▶ **RECORDS SHOWN**

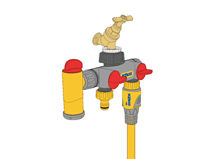 Двухпутевой разделитель потоков HoZelock с краном Flowmax. Разделитель потоков Hozelock позволяет преобразовать из одного крана два отдельных выхода и вращающийся кран Flowmax. Вращающийся кран направляет поток воды в нужное вам направление - это экономит время и силы, т.к. не нужно держать ведро или лейку под краном. Кран можно установить на любую из сторон разделителя потоков. Выходы с клапаном индивидуального управления потоком, это позволяет использовать все одновременно или по одному.
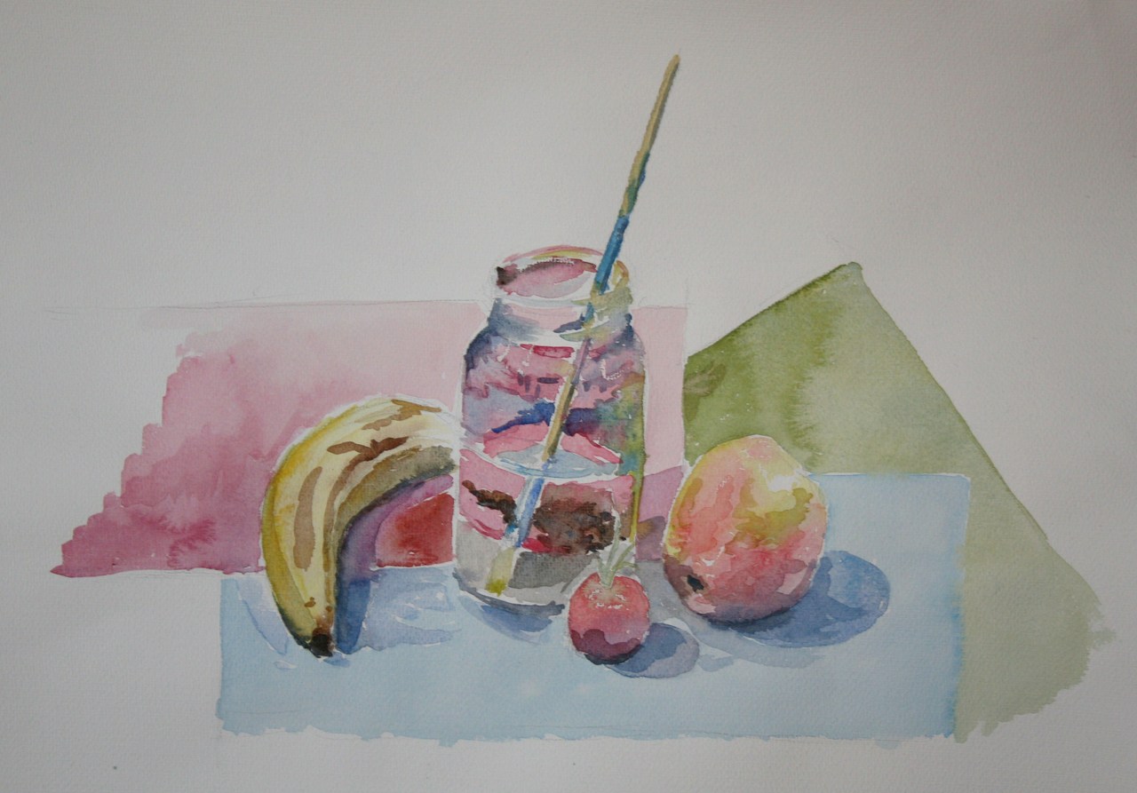 aquarel van fruit, glazen potje en gekleurd papier - naar waarneming geschilderd
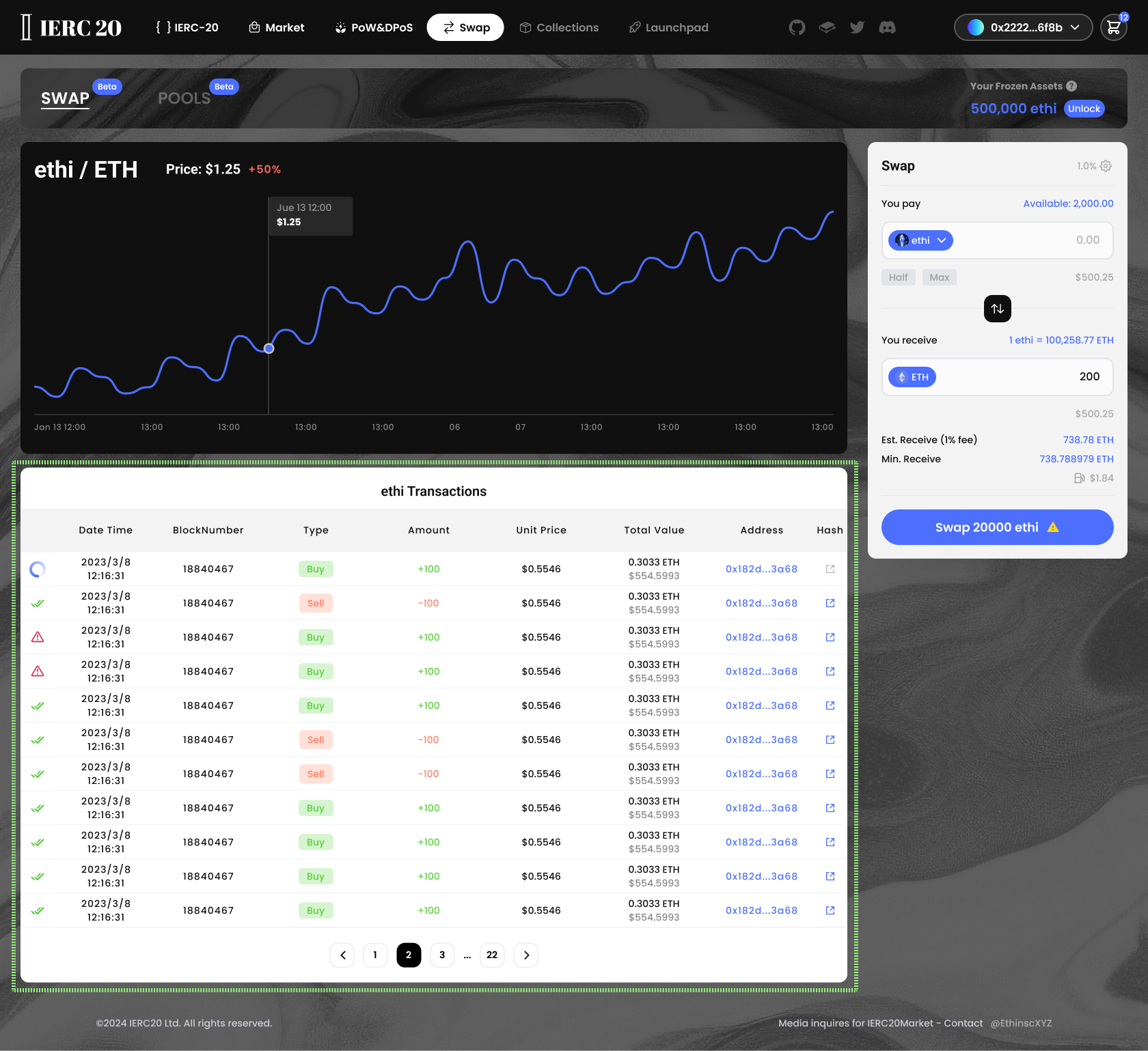 IERC Swap is a modular built on top of the ERC-20 protocol. It allows users to swap, provide liquidity, and earn inscriptions directly. Currently, the exchange only supports trading between $ETH and $ethi inscription pairs, additional trading pairs will be added soon.
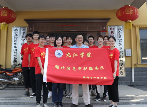 7月1日上午八点,在党委副书记吴彭年和辅导员刘博老师的带领下,旅游与地理学院赣北阳光守护服务队整装完毕,怀着无比激动的心情,迎着初升的太阳,带着希望,前往武宁县官莲乡东山村东山小学,正式开始了以“奉献青春心向党,爱心守护筑未来”为主题的2019年暑期“三下乡”社会实践活动。
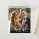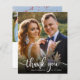 Budget Modern Typography 2 (two) Photo Wedding Thank You Paper. Modern Stylish wedding thank you template featuring a full vertical photo on the front with overlay text "Thank You" in a hand lettered calligraphy swash tail font script font in white on the picture. ***PLEASE NOTE! *** BUDGET PAPER/FLYER IS PAPER THIN. *** UPGRADE THE PAPER FOR A THICKER PAPER. *** Add your name and thank you message. If you prefer to handwrite your note, just delete the sample text to make more space. If You need help, please contact designer!
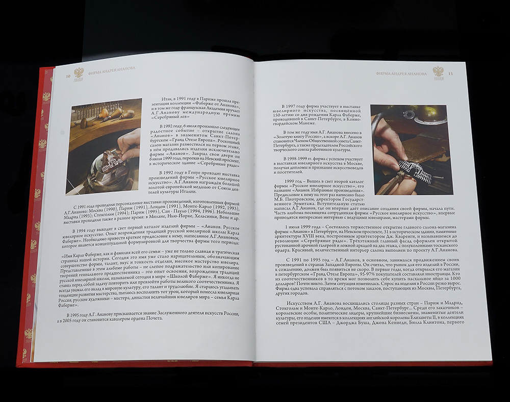 Книга содержит критический анализ художественных особенностей произведений фирмы А.Г.Ананова, краткий обзор творческого пути и историю создания компании. Список мастеров, работавших в фирме в разные годы, фотографии ювелирных произведений фирмы и портреты нынешних работников. Выпущена к 25-летию фирмы.
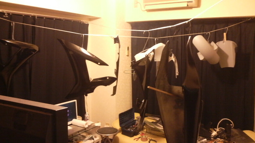 マンションでバイクを弄ったり補修したりって大変な面もありますけども、そもそも留めるトコがないっていう人もいるだろうし、そういう環境に住んでいる人が工夫してバイクに乗るように、ボクも創意工夫でカウルを塗るのです。
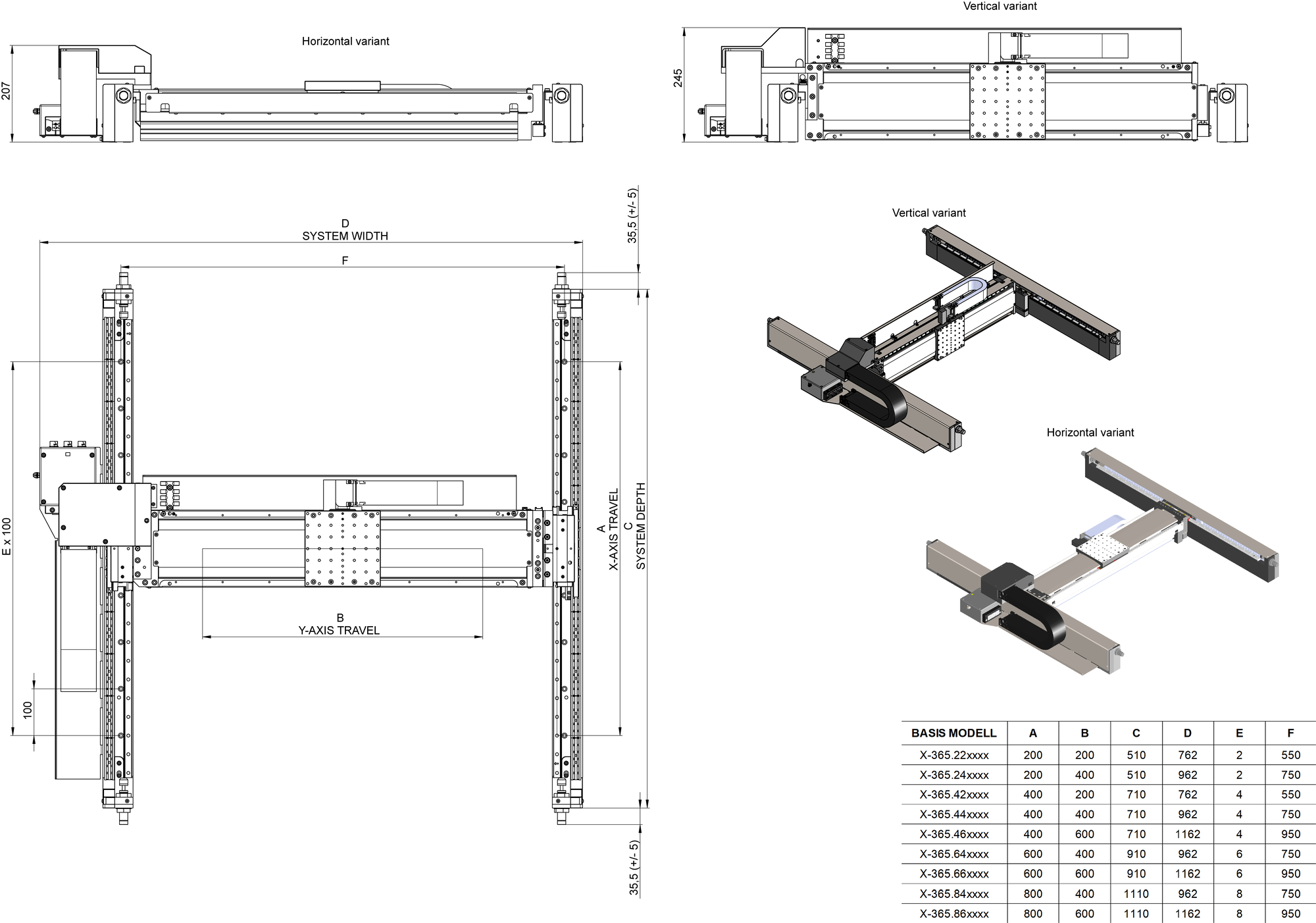 | Travel range in X | 200 mm, 400 mm, 600 mm, 800 mm | X: Gantry axis |

▶ **REQUIRED ACTION**
Reproduce the lines of the listing exactly, starting at the one that contains "Книга содержит критический" and continuing through the final line, but leave out the pictures.

▶ **EXERCISE OUTPUT**
 Книга содержит критический анализ художественных особенностей произведений фирмы А.Г.Ананова, краткий обзор творческого пути и историю создания компании. Список мастеров, работавших в фирме в разные годы, фотографии ювелирных произведений фирмы и портреты нынешних работников. Выпущена к 25-летию фирмы.
 マンションでバイクを弄ったり補修したりって大変な面もありますけども、そもそも留めるトコがないっていう人もいるだろうし、そういう環境に住んでいる人が工夫してバイクに乗るように、ボクも創意工夫でカウルを塗るのです。
 | Travel range in X | 200 mm, 400 mm, 600 mm, 800 mm | X: Gantry axis |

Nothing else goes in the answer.